Andrea Shaeffer closed the door behind her and went straight to the bureau dresser in the small motel room. Images from the past few days, snatches of conversations, raced through her head, ratcheting about in a confusing, unsettling manner. But she steeled herself and started to act slowly, steadily. She placed her pocketbook down deliberately on the top and removed her nine-millimeter semiautomatic pistol. She released the clip of bullets from the handle, checking to make certain that it was fully loaded. She pulled back the action on the pistol as well, sighting down the barrel, making sure that all the moving parts were in working order. She reloaded the weapon and placed it down in front of her. Then she rummaged through the pocket-book, searching for her backup clip of bullets. She found this, checked it, then put it next to the gun.
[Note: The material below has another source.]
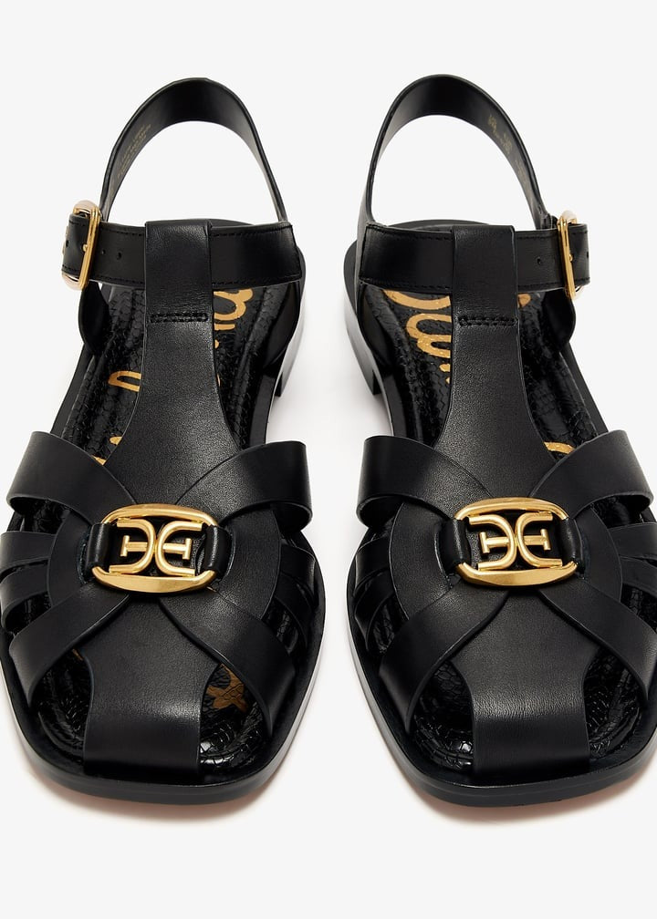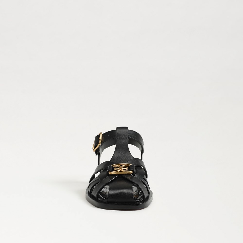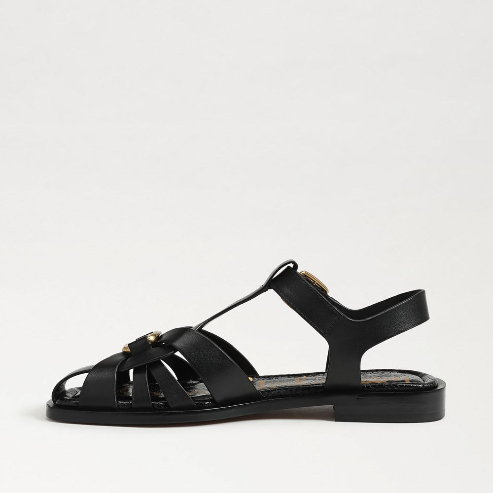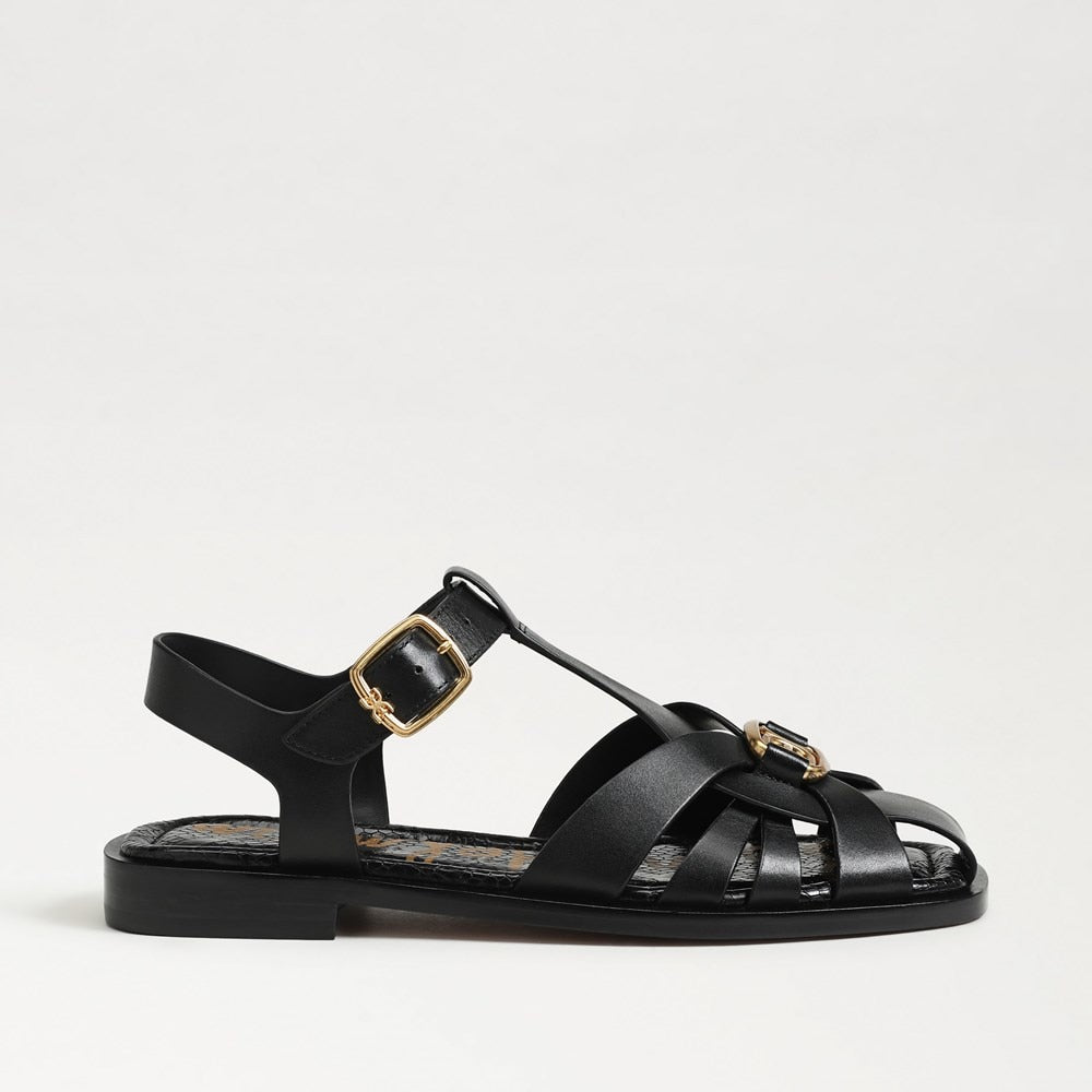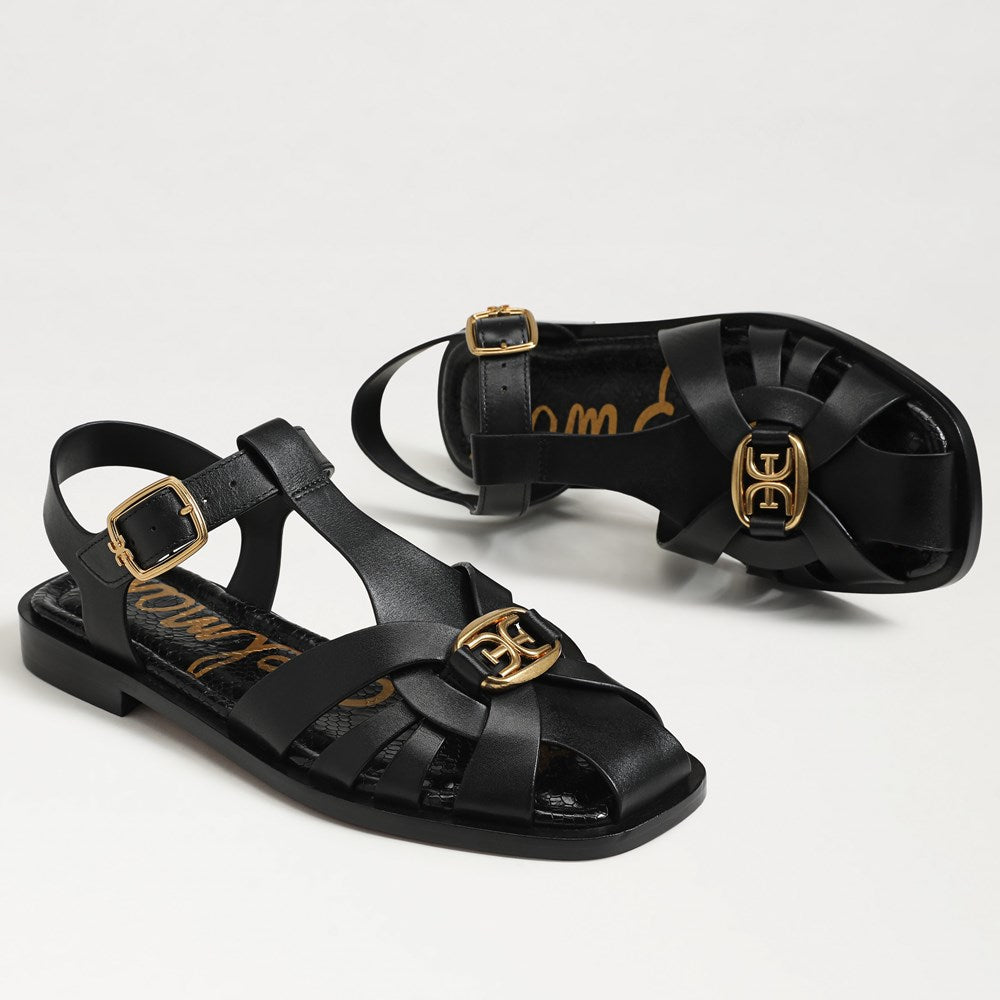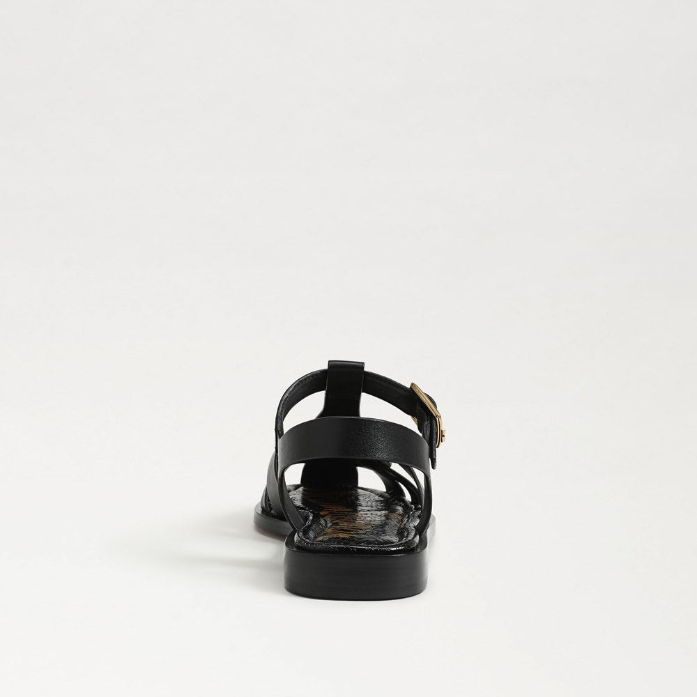 Sam Edelman Destin Black Leather Open Toe Strappy Buckle Detail Sandals

For a few moments she stared down at the weapon.
She thought of hours spent practicing with the nine-millimeter. The Monroe County Sheriff's Department had set up a combat practice range on a deserted spot just below Marathon. It was a simple procedure; while she walked through a series of deserted buildings, little more than the cinder-block shells of homes bleached white by the constancy of sun, a range control officer electronically operated a series of targets. She'd been good at the procedure, scoring consistently in the nineties. But what she'd enjoyed the most was the electricity of the practice sessions, the demand to see a target, recognize it as friend or foe, and fire or hold fire accordingly. There was a sense of being totally involved, unconcerned by anything save the sun, the weight of the handgun in her hand, and the targets that appeared. In a killing zone. Comfortable, alone with the single task of proceeding through the course.
She looked down at the weapon again.
I've never fired except at a target, she thought.
She remembered the mist and cold of the streets in Newark.
It wasn't like what she had expected. She had not even known that she was in combat in those moments. The people on the sidewalk, the threatening looks and motions, the hopeless pursuit through the streets. It was the first time it had been for real, for her. She gritted her teeth. She promised herself not to fail that test again.